The private sector recorded the first business expansion in three months in December driven by increases in both output and new order coupled with recovery in demand, according to the Stanbic IBTC Bank Purchasing Managers Index, PMI.
The report stated: “This was despite continued intense inflationary pressure, with purchase costs and selling prices each rising at sharper rates than in November. Meanwhile, business confidence dropped to the joint-lowest in the decade-long survey so far.”
According to the report: “ The headline figure derived from the survey is the PMI. Readings above 50.0 signal an improvement or expansion in business conditions on the previous month, while readings below 50.0 show a deterioration or contraction.
The headline PMI moved back above the 50.0 no-change mark for the first time in three months at the end of 2023, posting 52.7 in December from 48.0 in November. The reading signalled a solid improvement in the health of the private sector, and one that was the most marked since June.
Demand conditions showed signs of recovery, leading to a marked increase in new orders following two months of contraction.
Similarly, business activity also returned to growth and was up solidly over the month. Sector data showed that wholesale & retail activity continued to fall, however.

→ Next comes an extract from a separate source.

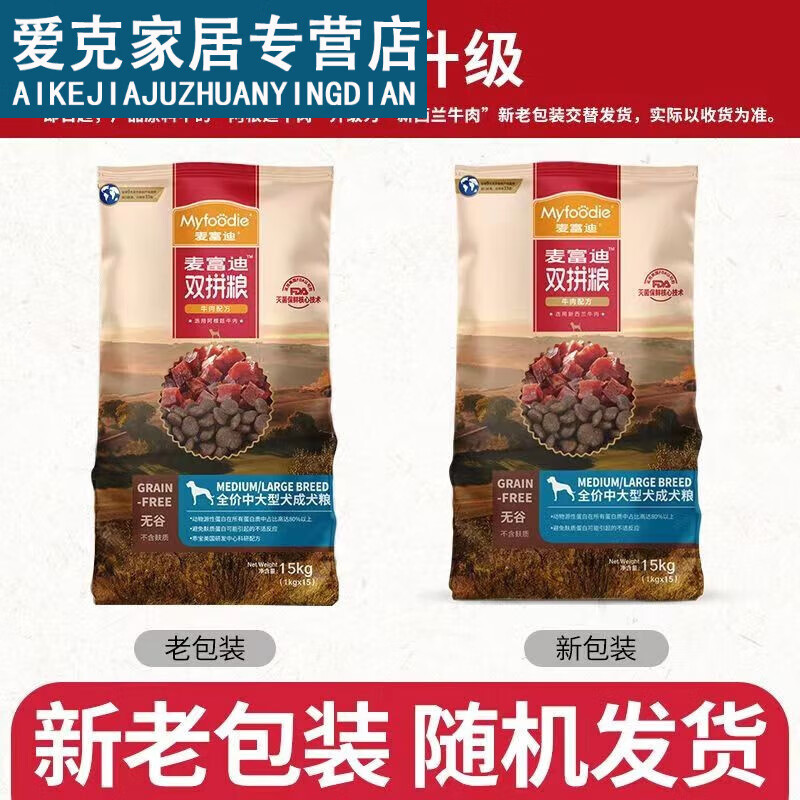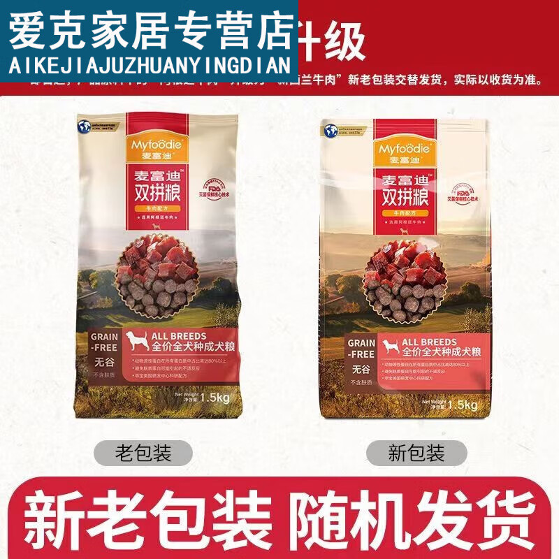 麦富迪(Myfoodie)麦富迪狗粮10kg牛肉双拼无谷狗粮金毛拉布拉多通用低敏犬粮20斤 无谷牛肉双拼小型犬成犬粮1.5kg

The improvements seen in December were recorded in spite of a continuation of the severe price pressures seen in recent months. While overall input price inflation softened slightly, it remained among the sharpest on record.
The slowdown in overall input price inflation reflected a softer, but still solid increase in staff costs.
Meanwhile, the rate of purchase price inflation quickened for the third successive month and was the sharpest for two years. Panellists again linked inflation to exchange rate weakness and higher fuel costs, while there were also reports of higher prices for animal feed.